There's some obvious stuff we can remove. The constant case to 32-bit with the 0xffffffff mask is unnecessary, the (0x0 ^ 0x0) is always going to be 0 (this xor edx,edx is the cheapest way to zero out a register), so it comes down to something more like:

(arg_04 / arg_08) + (arg_04 % arg_08) + arg_0C

We set the output to python syntax too, so everything Triton generates should be fine to just copypaste into another .py file.

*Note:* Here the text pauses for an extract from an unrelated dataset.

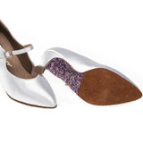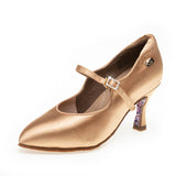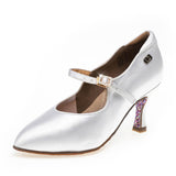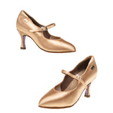 You'll look like a jewel in these romantic ballroom shoes. These 3" cuban shoes features a closed toe buckle fastening, solid color pattern. Made from satin.

I'm still figuring out how this all works, but this is what I've got so far. Some things I'd like to figure out for next time:

  • How to manage expressions being moved in and out of memory (note we push the old EBP and when we pull it out we get the concrete value)
  • How to simplify out some of the extraneous stuff that is always going to cancel itself out

That's all for now though, have fun out there!